Second, a model to estimate the number of deaths averted by the lockdown will in effect attempt to isolate a vanishingly narrow strip of the lockdown’s consequences to cheer about. This would be nothing but extreme cherry-picking.

A lockdown has many effects, including movement restrictions, stay-at-home orders, disrupted supply of essential goods, closing of businesses, etc. Most, if not all, of them are bound to exact a toll on one’s health. So the number of deaths the lockdown averted should be ‘adjusted’ against, say, the number of people who couldn’t get life-saving surgeries, the number of migrant labourers who died of heat exhaustion, the number of TB patients who developed MDR-TB because they couldn’t get their medicines on time, even the number of daily-wage earners’ children who died of hunger because their parents had no income.
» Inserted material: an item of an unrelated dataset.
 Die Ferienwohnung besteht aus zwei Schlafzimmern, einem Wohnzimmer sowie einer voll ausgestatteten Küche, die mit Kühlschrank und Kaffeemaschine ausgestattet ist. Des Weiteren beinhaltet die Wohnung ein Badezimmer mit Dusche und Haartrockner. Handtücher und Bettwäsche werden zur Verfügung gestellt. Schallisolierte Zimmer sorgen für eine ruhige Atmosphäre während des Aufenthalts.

So the only models that can hope to estimate a meaningful number of deaths averted by the lockdown will also have simplified the context so much that the mathematical form of the lockdown will be shorn of all practical applicability or relevance – a quantitative catch-22.
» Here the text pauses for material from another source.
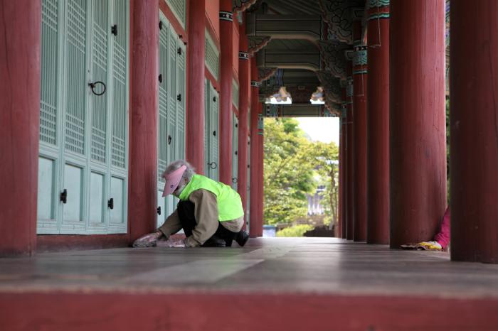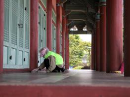 6일 오전 안동시 웅부공원 툇마루 청소에 열중하고 계시는 참여자 모습을 지켜 보았습니다.

Third, the virtue of the number of deaths averted is a foregone conclusion. That is, whatever its value is, it can only be a good thing. So as an indisputable – and therefore unfalsifiable – entity, there is nothing to be gained or lost by interrogating it, except perhaps to elicit a clearer view of the model’s innards (if possible, and only relative to the outputs of other models).
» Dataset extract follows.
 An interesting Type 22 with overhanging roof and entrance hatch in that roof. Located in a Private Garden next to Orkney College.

Finally, the lockdown will by design avert some deaths – i.e. D > 0 – but D being greater than zero wouldn’t mean the lockdown was a success as much D‘s value, whatever it is, being a self-fulfilling prophecy. And since no one knows what the value of D is or what it ought to be, even less what it could have been, a model can at best come up with a way to estimate D – but not claim a victory of any kind.

So it would seem the ‘number of deaths averted’ metric is a ploy disguised as a legitimate mathematical problem whose real purpose is to lure the ‘quants’ towards something they think challenges their abilities without realising they’re also being lured away from the more important question they should be asking: why solve this problem at all?